PastedImage-4976 The FTSE 100 over the last five days. Source: Google

“The markets aren’t calm, we are in the eye of the storm,” said Adam Jepsen at Financialspreads, adding that “not a single issue” had been resolved.

The FTSE 250, which handles more companies directly exposed to the UK domestic market, was still 1,400 points off where it was on the day of the vote, but has seen a stabilisation in recent days. The same has happened in Dublin, where the ISEQ – down 1,200 points – has seen a slight upturn in fortunes, up 0.3% today.

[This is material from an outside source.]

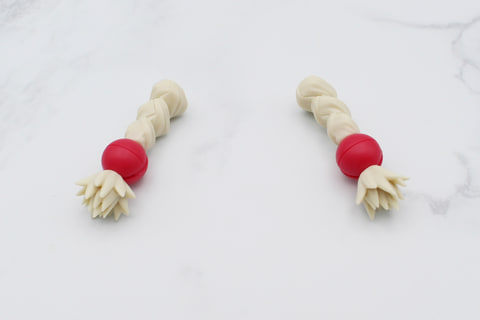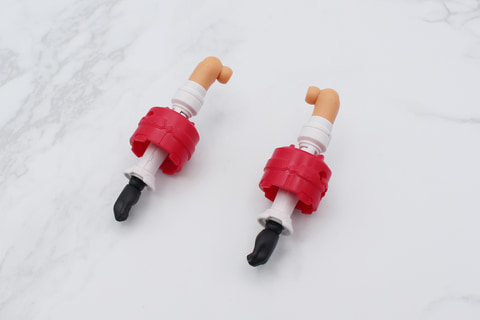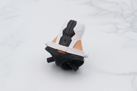 腕にはリング状の大きめの飾りがあり、肘関節とは別にある前腕のジョイントに接続することでスイング可動する仕組み。肘の動きに干渉はするものの、ポジションを調整することで90度前後まで曲げられる。

PastedImage-79943 The FTSE 250 over the last five days. Source: Google

The rebound was felt across the world, with New York, Paris and Frankfurt all experiencing strong days.

This morning, on currency markets, the pound edged down slightly from its New York close but managed to hold around $1.3445, well up from the 31-year-low $1.3121 touched Monday.

However, two ratings agencies have downgraded Britain’s credit rating, with Standard & Poor’s removing the country’s coveted AAA status.